Theorem dihopelvalbN

Description: Ordered pair member of the partial isomorphism H for argument under W . (Contributed by NM, 21-Mar-2014) (New usage is discouraged.)

Ref Expression
Hypotheses dihval3.b 
|- B = ( Base ` K )
dihval3.l 
|- .<_ = ( le ` K )
dihval3.h 
|- H = ( LHyp ` K )
dihval3.t 
|- T = ( ( LTrn ` K ) ` W )
dihval3.r 
|- R = ( ( trL ` K ) ` W )
dihval3.o 
|- O = ( g e. T |-> ( _I |` B ) )
dihval3.i 
|- I = ( ( DIsoH ` K ) ` W )
Assertion dihopelvalbN 
|- ( ( ( K e.
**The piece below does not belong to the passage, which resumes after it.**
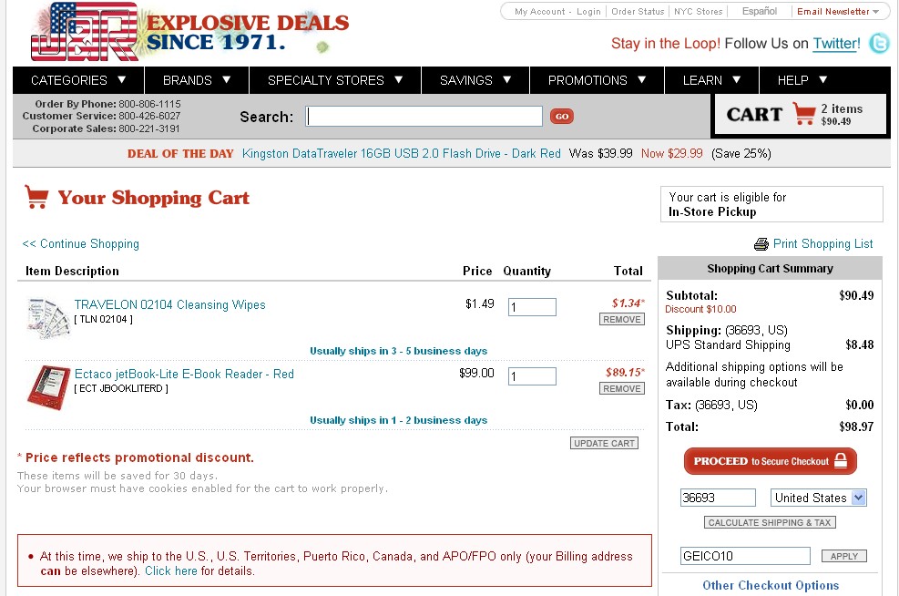 Add a cheap filler to get over $100 total and then use coupon code GEICO10 for $10 off.

V /\ W e. H ) /\ ( X e. B /\ X .<_ W ) ) -> ( <. F , S >. e. ( I ` X ) <-> ( ( F e. T /\ ( R ` F ) .<_ X ) /\ S = O ) ) )

Proof

Step Hyp Ref Expression
1 dihval3.b 
 |-  B = ( Base ` K )
2 dihval3.l 
 |-  .<_ = ( le ` K )
3 dihval3.h 
 |-  H = ( LHyp ` K )
4 dihval3.t 
 |-  T = ( ( LTrn ` K ) ` W )
5 dihval3.r 
 |-  R = ( ( trL ` K ) ` W )
6 dihval3.o 
 |-  O = ( g e. T |-> ( _I |` B ) )
7 dihval3.i 
 |-  I = ( ( DIsoH ` K ) ` W )
8 eqid 
 |-  ( ( DIsoB ` K ) ` W ) = ( ( DIsoB ` K ) ` W )
9 1 2 3 7 8 dihvalb 
 |-  ( ( ( K e. V /\ W e. H ) /\ ( X e. B /\ X .<_ W ) ) -> ( I ` X ) = ( ( ( DIsoB ` K ) ` W ) ` X ) )
10 9 eleq2d 
 |-  ( ( ( K e. V /\ W e. H ) /\ ( X e. B /\ X .<_ W ) ) -> ( <. F , S >. e. ( I ` X ) <-> <. F , S >. e. ( ( ( DIsoB ` K ) ` W ) ` X ) ) )
11 1 2 3 4 5 6 8 dibopelval3 
 |-  ( ( ( K e. V /\ W e. H ) /\ ( X e. B /\ X .<_ W ) ) -> ( <. F , S >. e. ( ( ( DIsoB ` K ) ` W ) ` X ) <-> ( ( F e. T /\ ( R ` F ) .<_ X ) /\ S = O ) ) )
12 10 11 bitrd 
 |-  ( ( ( K e. V /\ W e. H ) /\ ( X e. B /\ X .<_ W ) ) -> ( <. F , S >. e. ( I ` X ) <-> ( ( F e. T /\ ( R ` F ) .<_ X ) /\ S = O ) ) )